After accounting for inflation, the debt levels in the first quarter of 2024 are a bit lower than those at the beginning of the Great Recession in the fourth quarter of 2008. Nonetheless, many consumers are experiencing financial pressure, with 8.9% of all credit card balances and 7.9% of auto loans becoming delinquent over the past year—the highest rate since 2010.

The overall count of credit card delinquencies surged by an astonishing 50% in 2023, indicating that U.S. consumers are finding it increasingly difficult to keep up with their debt payments. Though credit cards can appear to be a financial lifeline in difficult times, they represent the most costly method of borrowing money.

Based on Bankrate’s forecast for 2024, the average interest rate for credit cards is approximately 21%. In contrast, more manageable interest rates of 5-8% are available for mortgages, home equity loans, and auto loans.

While credit card debt significantly contributes to personal debt, mortgage debt has also exacerbated the issue of U.S. household debt.

Variations in credit card debt across different regions

The level of personal debt that consumers hold is influenced by factors such as income, spending habits, and geographical location.
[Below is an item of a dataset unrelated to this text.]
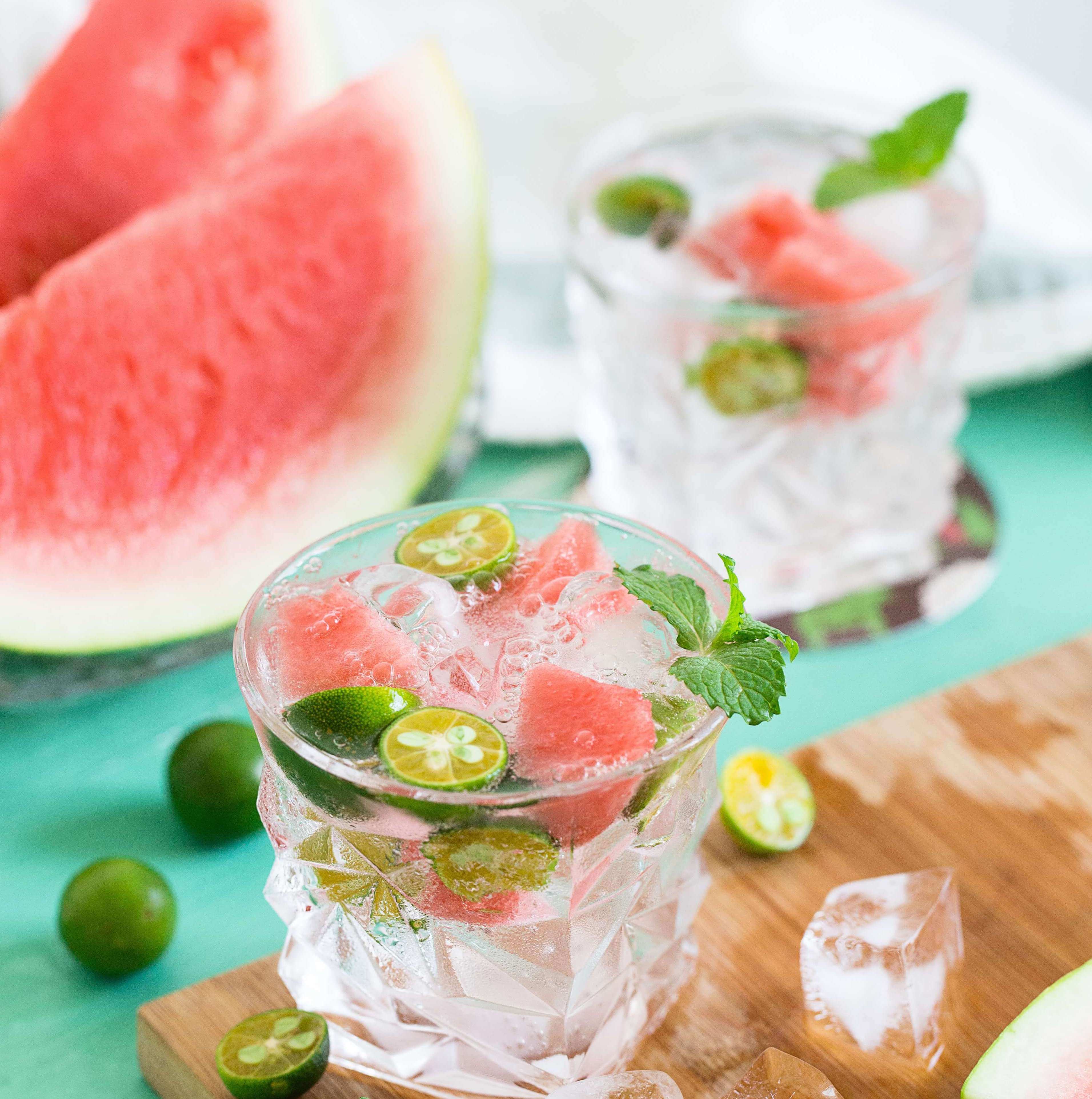 Coupez la pastèque en morceaux et mixez-la. Prélevez le jus de citron. Ajoutez-le à la pastèque. Versez l’eau pétillante et ajoutez les glaçons. Dégustez aussitôt.

Federal Reserve data indicates that nearly 47% of credit card users carry a balance for at least one month, highlighting that credit card debt is a significant concern across the nation.

The states with the highest average credit card debts are consistent with high-cost regions: New Jersey is at the forefront with an average balance surpassing $9,900 as of the fourth quarter of 2023. Connecticut, Maryland, New York, and Massachusetts are also among the top states with significant average credit card debts.

On the other hand, states with lower average debts are mainly situated in the Southern region; Mississippi has the lowest average, at $956—80% less than New Jersey’s debt.

Oregon experienced the quickest increase in its average balance from the third to the fourth quarter of 2024, with a growth rate of 7.8%. Ted Rossman from Bankrate recommends opting for an interest-free balance transfer credit card to “halt interest accumulation for as long as 21 months.” Considering the ease with which these debts can escalate and negatively impact credit scores, it is essential to focus on reducing these balances.